Using a marketing audit as you implement your marketing campaign provides an effective way to measure your progress and stay aligned with your objectives. Marketing audits are most effective when you conduct them on a regular basis. In fact, with every marketing plan you launch, a marketing audit should be a repeated element – represented in the beginning, middle and end.
The Benefits of a Marketing Audit
A marketing audit, even one carried out by you, can provide a number of benefits. Among the benefits are:
- An in-depth look at your current marketing state
- A roadmap outlining how to get to accomplish your long-term goals
- A list of problem areas and drawbacks in your current activities
- An overview of marketing activities that may help you generate more interest in your services
A consistent and systematic marketing audit will also answer a number of questions, including:
- What are your marketing goals?
- Are those goals realistic with the resources you have available?
- Do your marketing activities support your goals?
- Do you have a clear idea of your short-term and long-term marketing needs?
- What are some of the biggest reasons your marketing activities are not having the desired impact?
- What has changed in the market since your last audit?
- What has changed in your business?
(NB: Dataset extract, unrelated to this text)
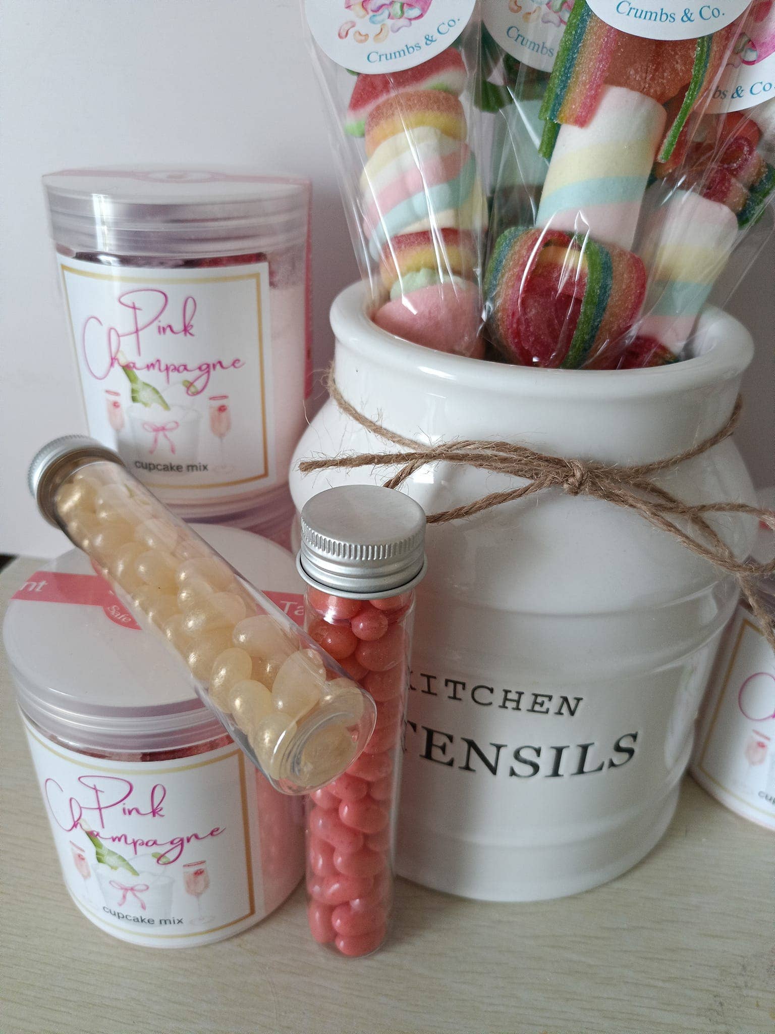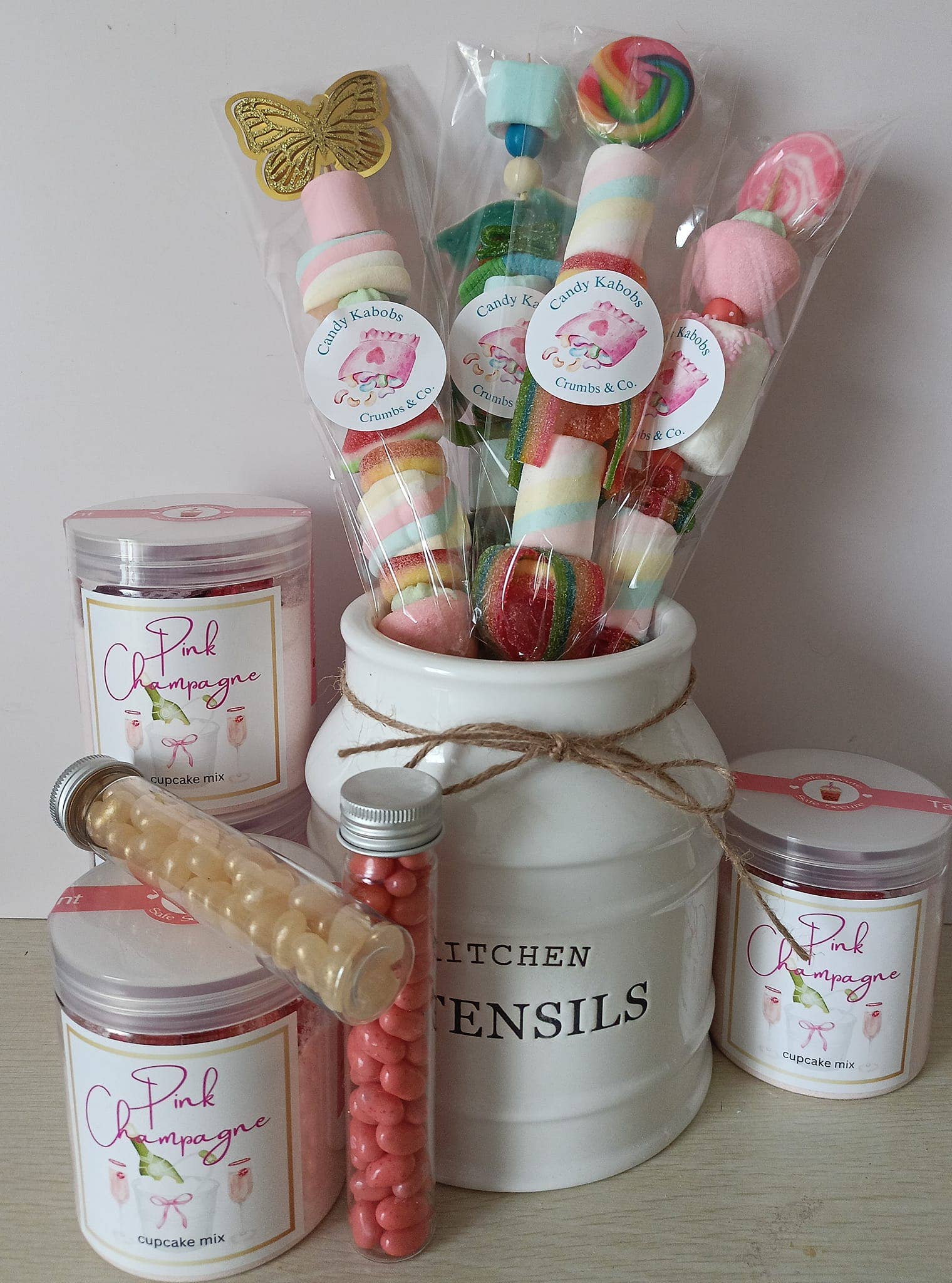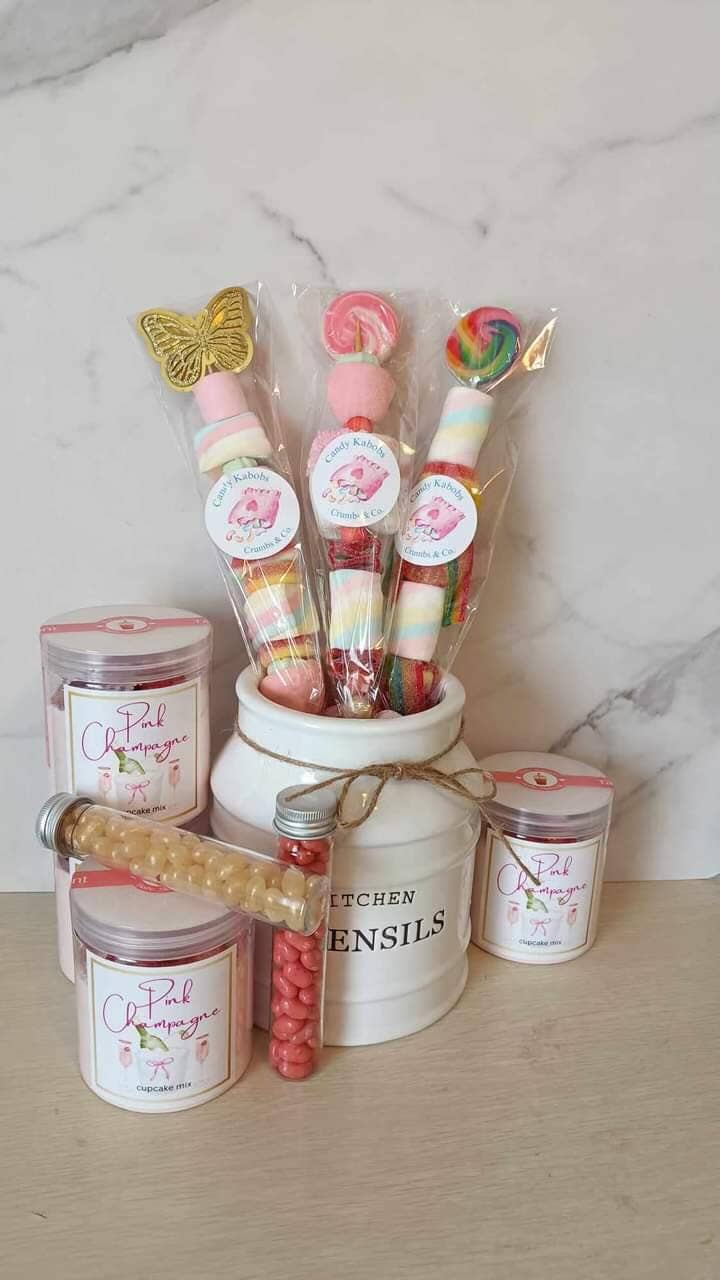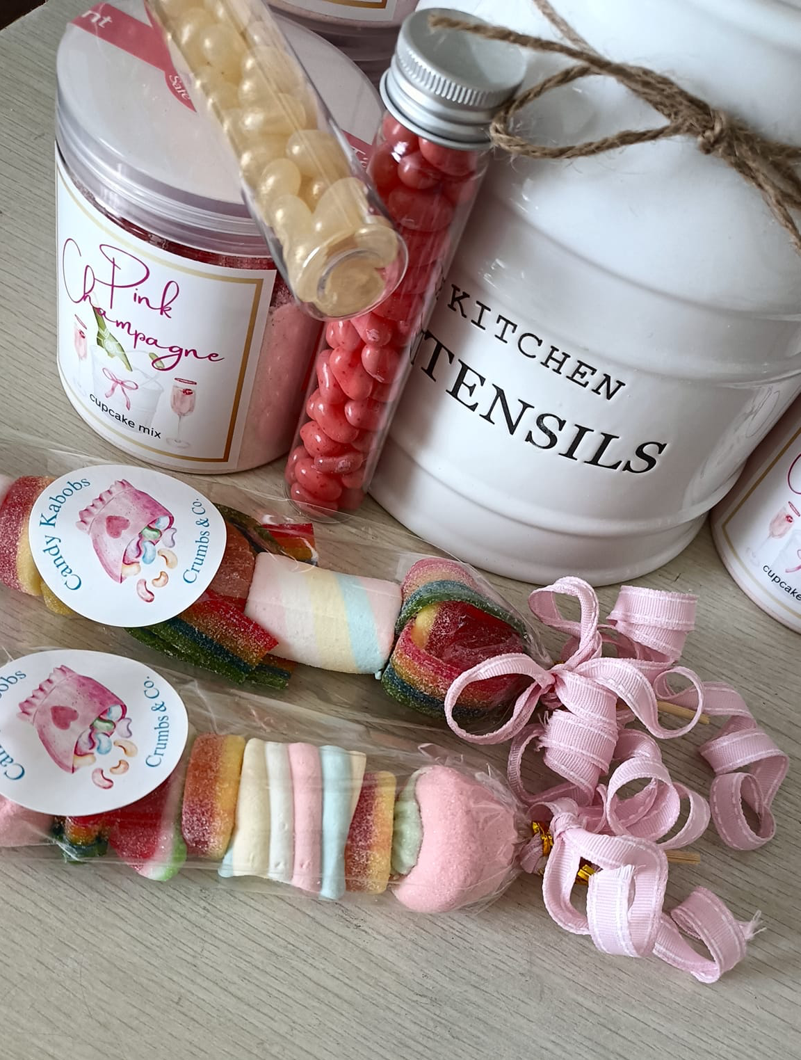 Each are on 11” wood skewers with about 9” of candy. Individually tied with curly ribbon. They are also shelf stable. Holiday themes coming as well. These come in a multi pack of various color hues, marshmallows, lollipops. gum balls and gummy candies.

Your clients’ businesses?
- How will those changes impact your marketing goals and planning?
- Who is currently among your biggest competitors?
- How is your competition marketing to the audience?
In large corporations, an unbiased third-party typically conducts marketing audits, sometimes after the company has begun to lose ground in their market. In these situations, the company may have a consultant review the status of the company’s marketing processes and then makes recommendations for improvement.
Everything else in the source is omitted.